Possible bug in String.split/1's handling of Unicode whitespace?

dogweather · September 21, 2022, 10:17pm

According to the docs, String.split/1…

Divides a string into substrings at each Unicode whitespace occurrence…

(emphasis mine)

But I found that it doesn’t do this for U+00A0 “NO-BREAK SPACE” (UTF-8 <<194, 160>>). Maybe others too? No-break space is unicode whitespace and it’s marked as such in the Elixir Unicode property list.

Here’s the unexpected behavior I see (Elixir 1.14):

iex(1)> nbsp = <<194, 160>>
" "
iex(2)> s = Enum.join ["one", "two", "three"], nbsp
"one two three"
iex(3)> String.split s
["one two three"]

I expected it to split on the nbsp, producing the input, ["one", "two", "three"].

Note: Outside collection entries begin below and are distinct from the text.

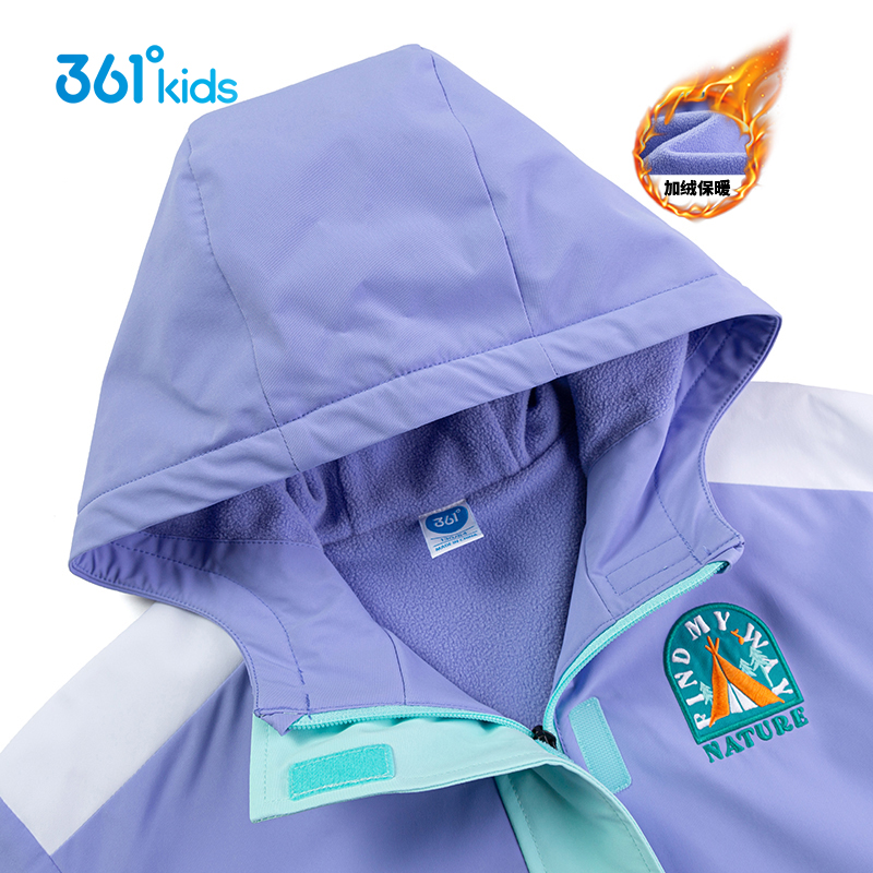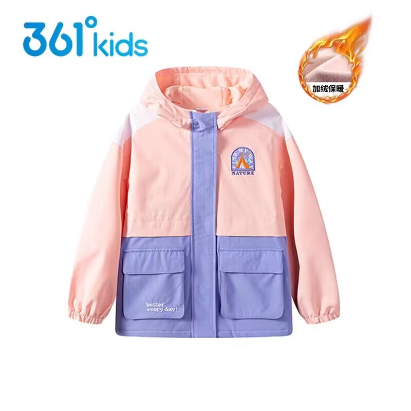361童装 女童加绒冲锋衣2023春季新款中大童儿童休闲保暖连帽风衣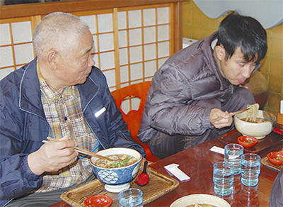 寺山の手打ちそば石庄庵(石井貞男社長)で12月9日、地域作業所かがやき(渡辺徳男所長)の利用者に、新そばが振る舞われた。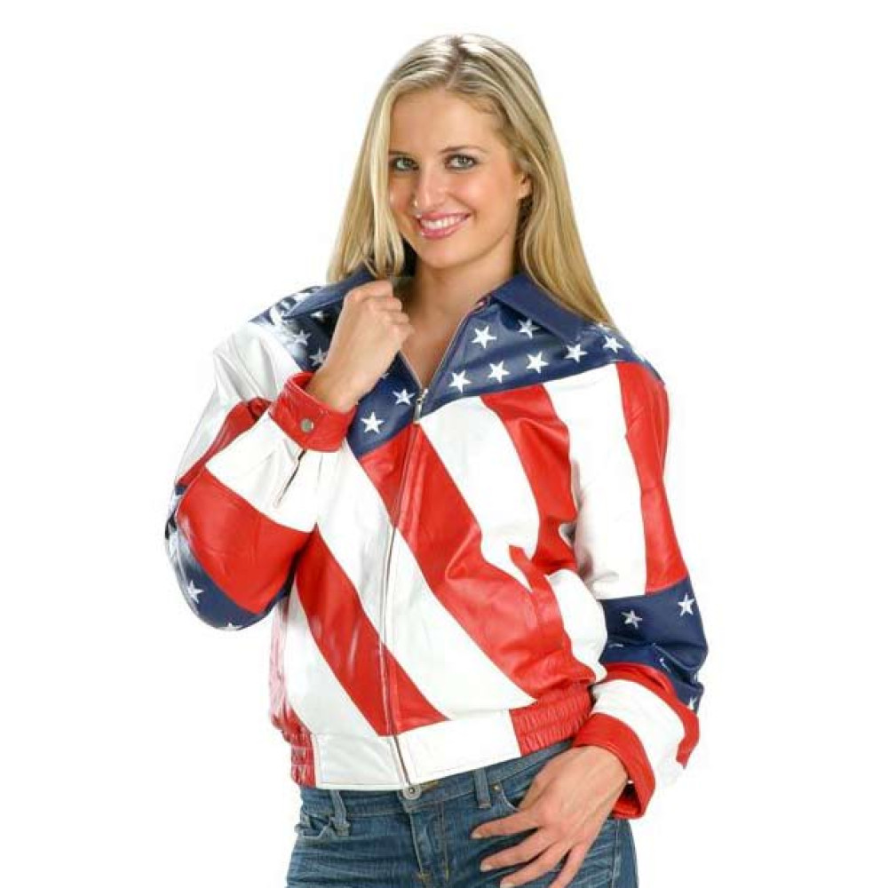 This funky Womens Jacket is manufactured by following the exact design of American flag. The top-notch quality of synthetic leather has been used to make this piece superbly durable with a nice shine. The blue, white and red combination with additional patterns of stripes and stars make is highly attractive and cool. It features a shirt style collar, full sleeves with buttoned cuffs and front zipper for smooth closure. Although this jacket comes with a baggy look, its waistline is prepared with stretchable fitting to let our ladies enjoy casualness with style!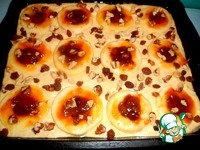 Орехи можно взять любые, порубить их в размер с изюминку, раскидать поверху пирога, а так же, разложить остатки изюма. |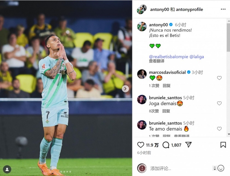 梅开二度+补时绝平!安东尼社媒:我们永不言弃,这就是贝蒂斯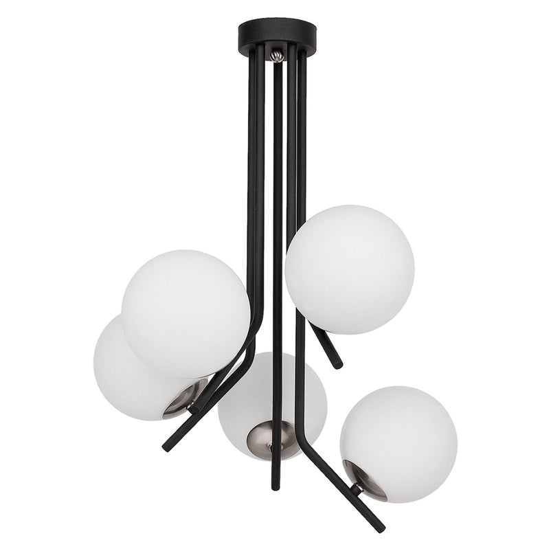 Lustră Tim. Lustra din gama Tim este elegantă și versatilă, iluminând cu eficiență spațiul din dormitor sau din living. Este realizată din metal, iar abajururile din sticlă, completând modern designul acesteia.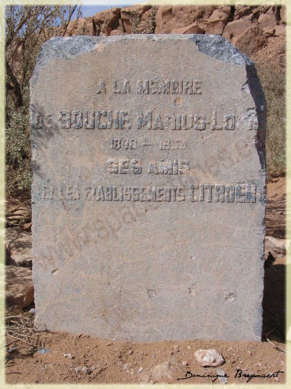 Au point N 31° 37,409’ – W 04° 3,974’, Stéle en granit avec comme inscription : ‘’ À la mémoire de BOUCHE Marius-Louis – 1898 – 1933. Ses Amis et les établissements CITROËN ’’.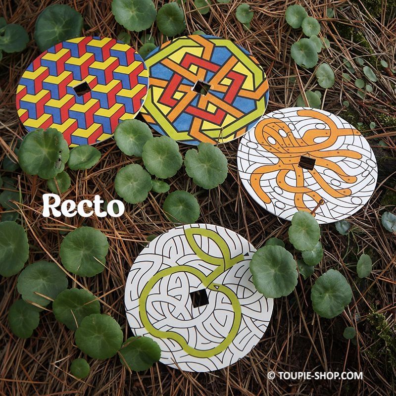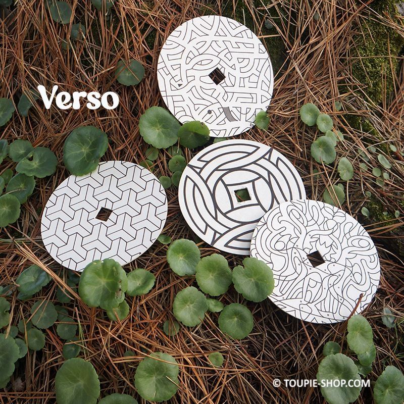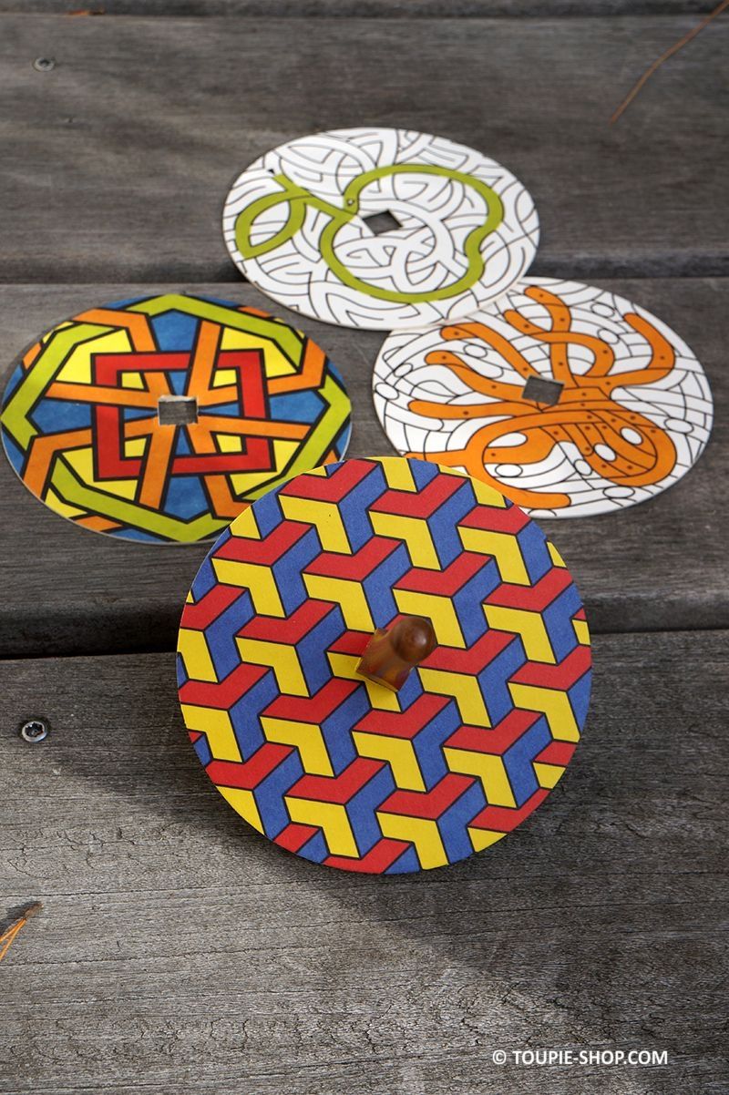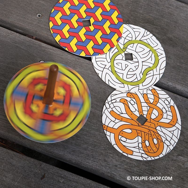 Jouet en bois artisanal, les illustrations des cercles sont bien pensées, un côté coloré qui montre l’exemple et un côté noir et blanc où vous pourrez vous exprimer. Cet atelier créatif pour enfant propose 2 jeux de labyrinthe, 2 dessins où les parties avec un point sont à colorier pour qu’apparaisse une forme et 4 illustrations géométriques, mon tout à tester en rotation grâce à la toupie en bois fournie.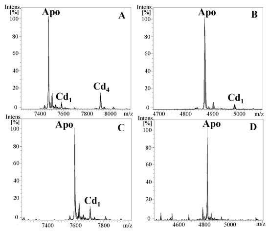 Deconvoluted ESI-MS spectra of the apo-MTs obtained after the demetallation by acidification (pH 2.4) of recombinant Cd-protein complexes. Notice that in the production process, the digestion with thrombin of the GST-MT fusion proteins resulted in the addition of two extra residues (glycine and serine) at the N-terminal end of the purified MTs that, as shown in previous studies, did not interfere with the metal-binding features of recombinant MTs [25,26]. (A) apo-NpoMT1, (B) apo-αNpoMT1, (C) apo-FcaMT1 and (D) apo-δFcaMT1.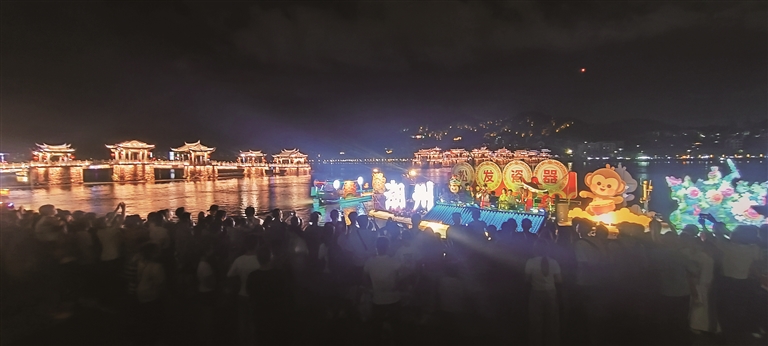 夜色下的广东则上演了另一番精彩。在东莞可园博物馆,青砖黛瓦之间,游人提着灯笼穿行于百年园林,猜灯谜、放花灯、逛游园会,仿佛一脚踏入了张爱玲笔下的月光里,亲身体验着岭南中秋的雅致韵味。在潮州,粤东首部非遗沉浸式舞台剧《大潮归来·入梦潮州》,“红头船”的意象在光影中破浪而来。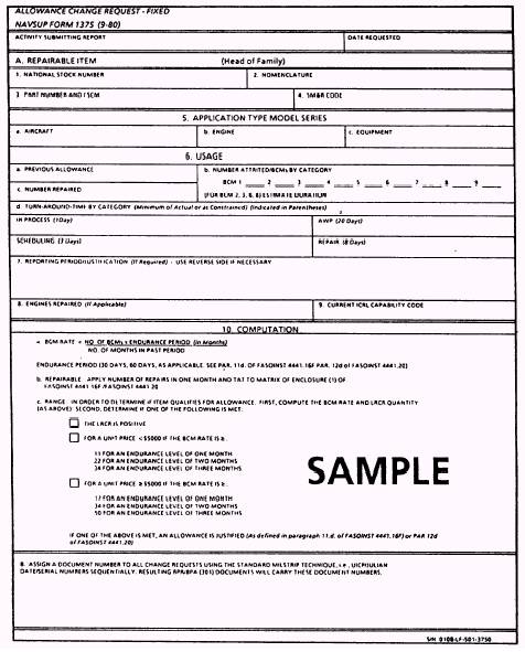 Figure 5-2.-Allowance Change Request-Fixed, NAVSUP Form 1375. (fig. 5-2). A copy of the completed NAVSUP Form 1375 should be retained for local files and attached to the copy of the message request forwarded to the ASO. ACR-F Format The ACR-F, NAVSUP Form 1375 (fig. 5-2), is prepared as follows: l Section A, items 1 through 5. Selfexplanatory. l Item 6 (Usage). Enter previous allowance, number of BCMs (by category), repairs, and actual TAT (the constraints in parentheses should be used in computing the requirements). . Item 7 (Reporting Period). Include the period of time for BCMs and the period of time for repairs. Provide justification for time frames of less than 90 days for BCMs and 60 days for repairs. l Item 8 (Engines Repaired). Selfexplanatory. l Item 9 (Current ICRL Capability Code). Enter the repair capability code from the most current individual component repair list (ICRL). l Item 10 (Computation). The computation method is provided on the form to give the activity an indication of requirement depth based on the activity's data submission to the ASO. These computations are in no way intended to guarantee the requesting activity that the computed quantity will be the actual revised fixed allowance quantity after validation by the ASO. The input data provided by the activity is carefully reviewed independent of and in comparison with the past usage experience of other similar activities. Accordingly, comparative analysis may effect the final ACR-F requirement decision by the ASO. l Section B (Document Number). Selfexplanatory. |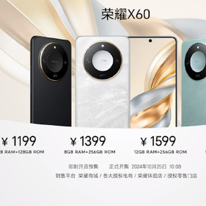 荣耀X60 Pro提供了天海青、玄武灰、燃橙色、典雅黑四种配色可选。8GB+128GB版售价1499元,8GB+256GB版售价1699元,12GB+256GB版售价1999元,12GB+512GB版售价2299元;荣耀X60拥有月影白、海湖青、典雅黑三种配色。8GB+128GB版售价1199元,8GB+256GB版售价1399元,12GB+256GB版售价1599元,12GB+512GB版售价1799元。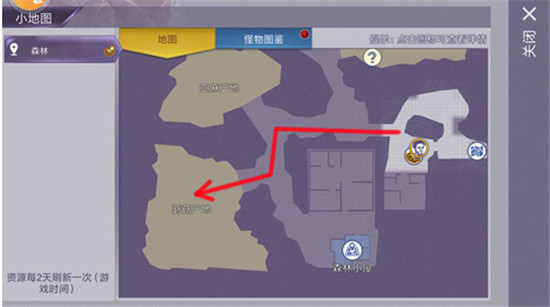 4、大家跟着地图走就行了,距离并不远,在路上遇到一些普通甲虫可以选择打它们来获得甲虫囊(这个是后面兑换图纸和制作其它物品所需要的材料)。如果懒得打它们也可以选择无视,直接采地上的蘑菇就好。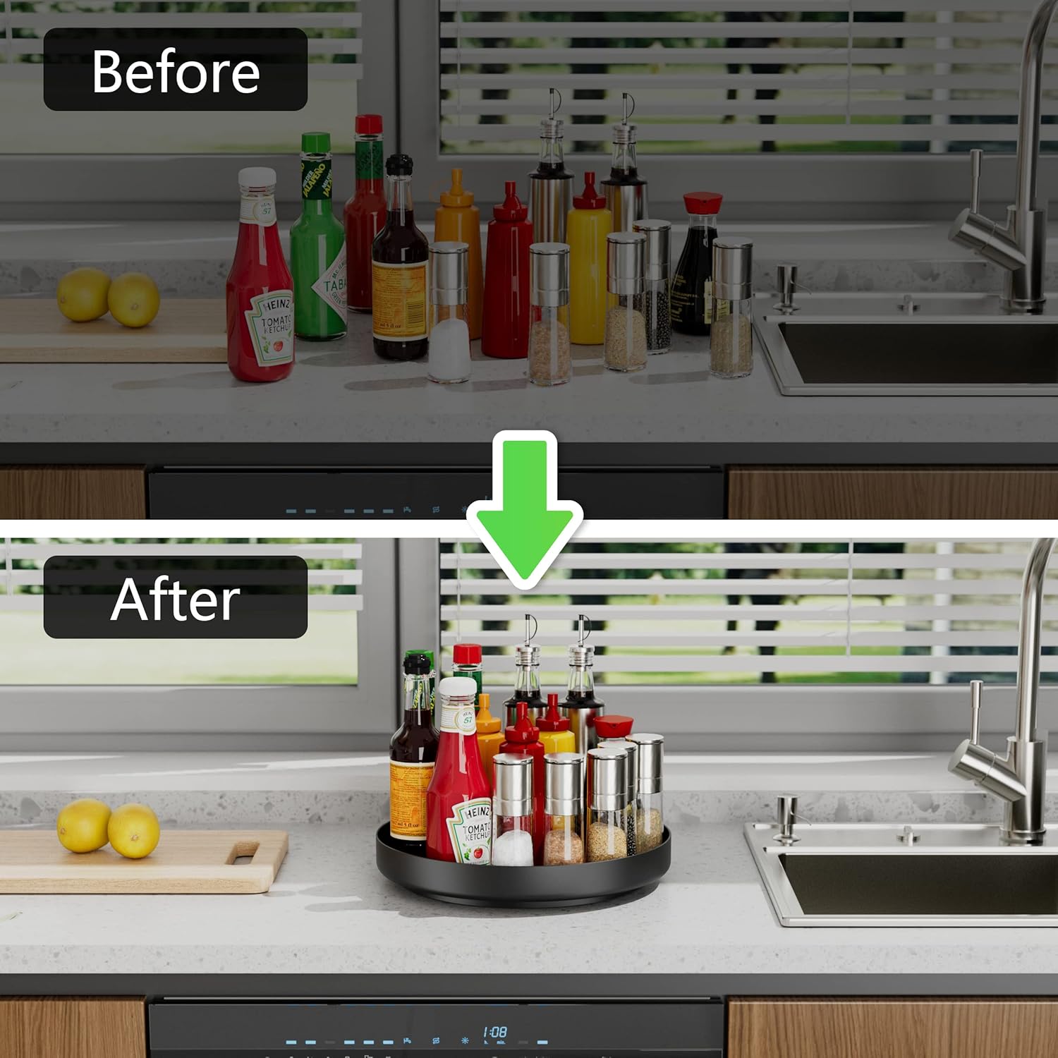 - Large Space Organizer:This lazy susan organizer measures 11 inch,providing more storage capacity in your deep base cabinets,upper shelves and cluttered corner countertop , Making the most of the limited space in your home to keep things neat and organized.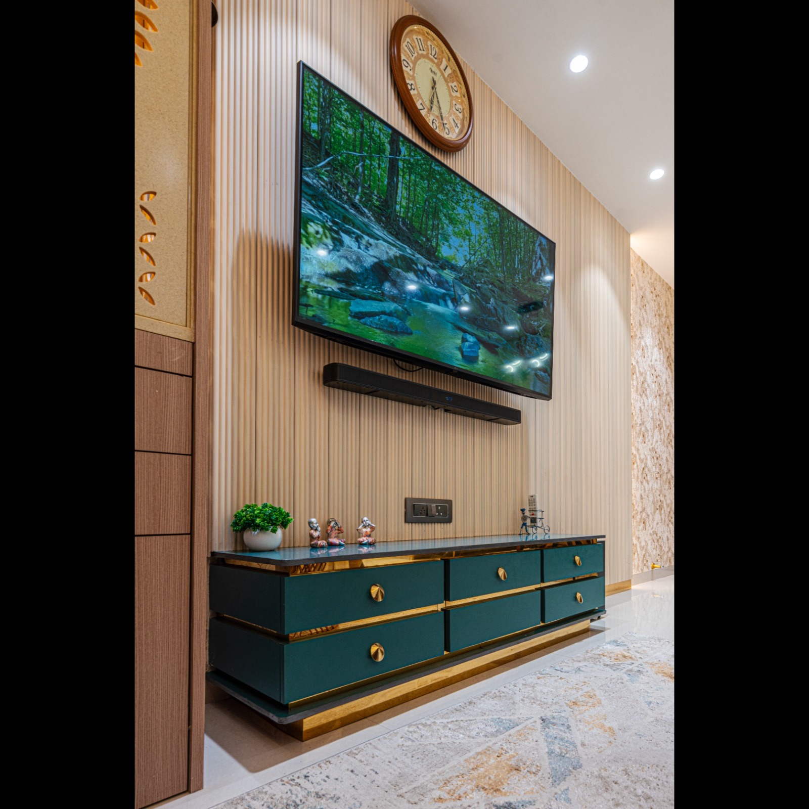 The wall-mounted TV is paired with a sleek floating console finished in a rich teal tone with brass detailing. The handle-less drawers provide ample concealed storage while maintaining a clean and clutter-free appearance. The polished stone top adds durability and a premium finish.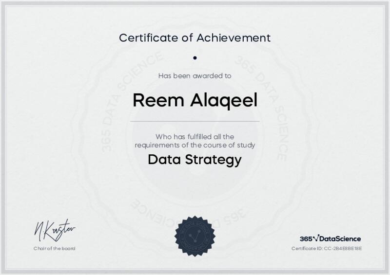 This user has been awarded the Data Strategy Certificate for successfully completing the course exam. Holding this certificate demonstrates their proficiency on the topic and signifies they are qualified to apply their newly acquired expertise in the fields of data analytics and data science.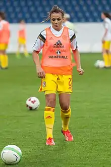 She played club football for Cardiff City, before moving to Reading in the FAWSL in July 2015.[5] She has also played numerous times at senior international level for Wales.[6]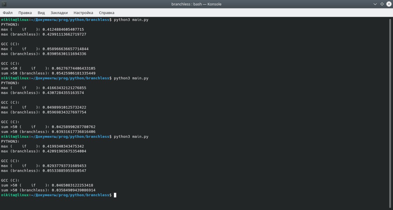 Если искать сумму если элемент >50, тогда branchless быстрее ветвления.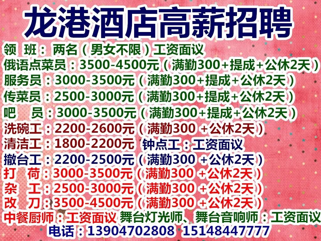 传菜员若干名:工资2600加满勤200(有菜梯)

I traced the code for String.split/1 to break() here: elixir/lib/elixir/unicode/unicode.ex at main · elixir-lang/elixir · GitHub. It looks ok to me, though.

Background: This caused problems for me parsing some text. I didn’t realize that this is valid Unicode because String.split/1 and Regex.run where failing on it (although for two different reasons).

brettbeatty · September 21, 2022, 10:30pm

The String.split/1 docs also have this line:

Divisions do not occur on non-breaking whitespace.

dogweather · September 21, 2022, 10:30pm

Urp! Thank you, I didn’t catch that.

kip · September 22, 2022, 1:56am

The ‘break’ property and the ‘whitespace’ property are orthogonal in Unicode. Definitely significant overlap when looked at from the perspective of Latin scripts but definitely not universal - especially for languages that do not use whitespace between words (like Japanese, Chinese, Thai, Lao, Khmer, Myanmar scripts).

The elixir default for String.split/1 is “breaking whitespace”. By definition, “non breaking” characters should not break words, lines or sentences.

dogweather · September 22, 2022, 4:54am

Fascinating, thank you.

dogweather · September 22, 2022, 5:44am

I found an interesting consequence of the absence of whitespace in certain languages: some software handles line-breaking better than others.

Here’s Firefox maybe correctly line-wrapping a Japanese Wikipedia page. It won’t break up words:

Screen Shot 2022-09-21 at 11.39.10 PM

But Safari does break up some words, wrapping character-by-character:

Screen Shot 2022-09-21 at 11.38.29 PM

Those two extra characters after 1973 seem to be part of the next word. We can see how Firefox prefers to keep a word’s characters together, at the expense of a pretty flush layout. (See the line above 1973 with extra whitespace at the end.

[My wife, who knows Japanese, told me about the Japanese particles and they’re used to mark word boundaries.]